Which is better, TVM or tensorrt?

zoufangyu1987 · May 20, 2020, 3:24am

Which is better, TVM or tensorrt? Now someone is pushing tensorrt. What are the advantages of TVM over tensorrt?

tvm 和tensorRT到底哪个好？现在有人在推tensorRT，TVM相比tensorRT有什么优点？

xiaocenxiaocen · May 20, 2020, 1:45pm

of course, tensorrt is better.
the performance of the operator implemented by tensorrt is faster than tvm.
and tensorrt supports new gpu architecture better. Nvidia will carefully tune performance on the new architecture, and they know detail information about the low level hardware.

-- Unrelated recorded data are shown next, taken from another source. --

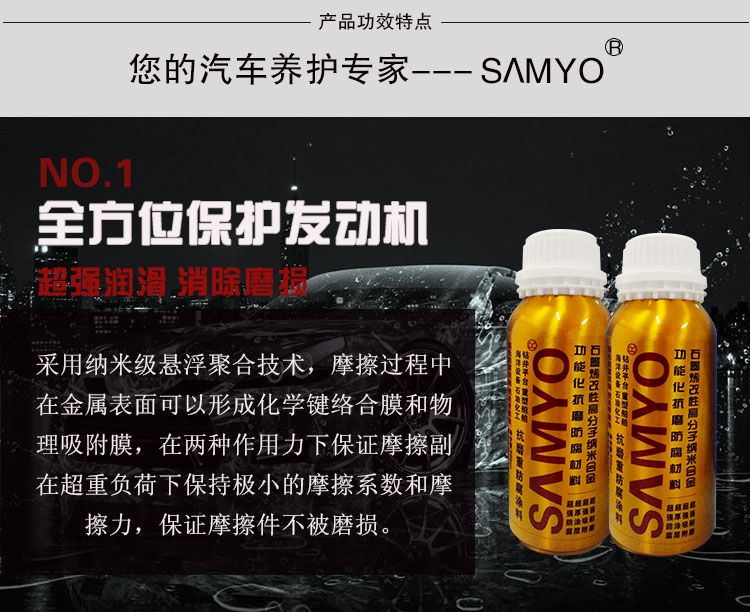 我对您的SAMYO石墨烯汽车发动机保护剂润滑油添加剂抗磨修复剂发动机养护580ml产品感兴趣,请发具体的信息及报价,谢谢!
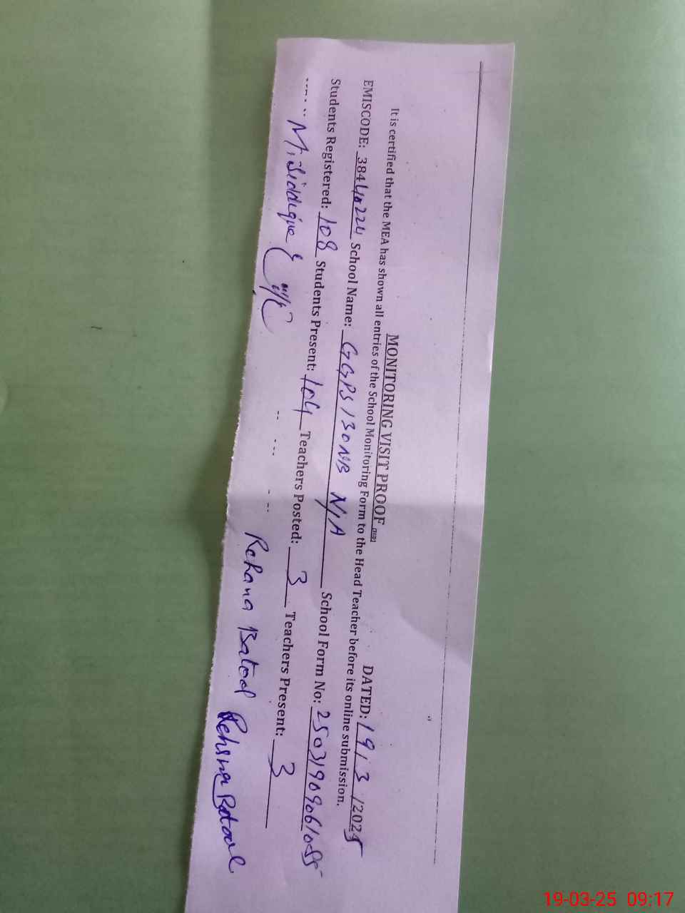| Certified that this School was Inspected by the Undersigned MEA/DMO Today and the Information Stated Above is as Per Record. | |||||
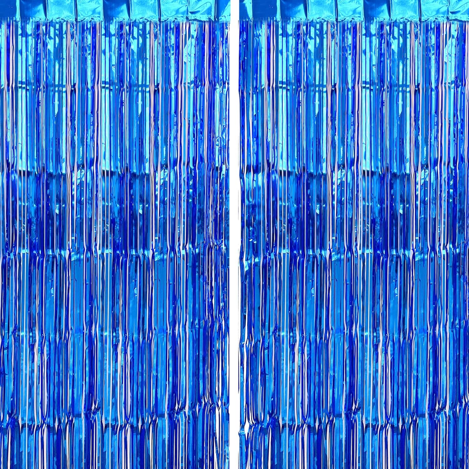 CHRORINE 2pcs 1m x 2.5m Blue Metallic Tinsel Foil Fringe Curtains, Party Streamers Backdrop for Kids Boy Birthday Baby Shower Bachelorette Bridal Shower Blue Party Decorations

kevinthesun · May 20, 2020, 6:52pm

It might be better to do benchmarking for both options, especially for your model. Too many factors can affect the end to end performance.

tqchen · May 20, 2020, 9:06pm

The main advantage of TVM though it is that offers flexibility in automatic performance optimization via AutoTVM, especially for emerging workloads. For example, as tvm gains support for 3d models all of its backend, including the nvidia one would take benefit from that. See some examples here https://tvm.apache.org/2019/04/29/opt-cuda-quantized

qiang · May 21, 2020, 5:03am

tvm is far more general. and more, you know, 安可.

jackwish · June 2, 2020, 6:02am

TensorRT and TVM has many similar features. TensorRT do have automatic performance opptimization, and it’s very easy to use.

Though things may envolve, I think the major difference is that, TensorRT is dedicated for Nvidia platforms. If you are using Nvidia GPU/DLA, TensorRT is production ready mostly. Otherwise, try TVM or other software system.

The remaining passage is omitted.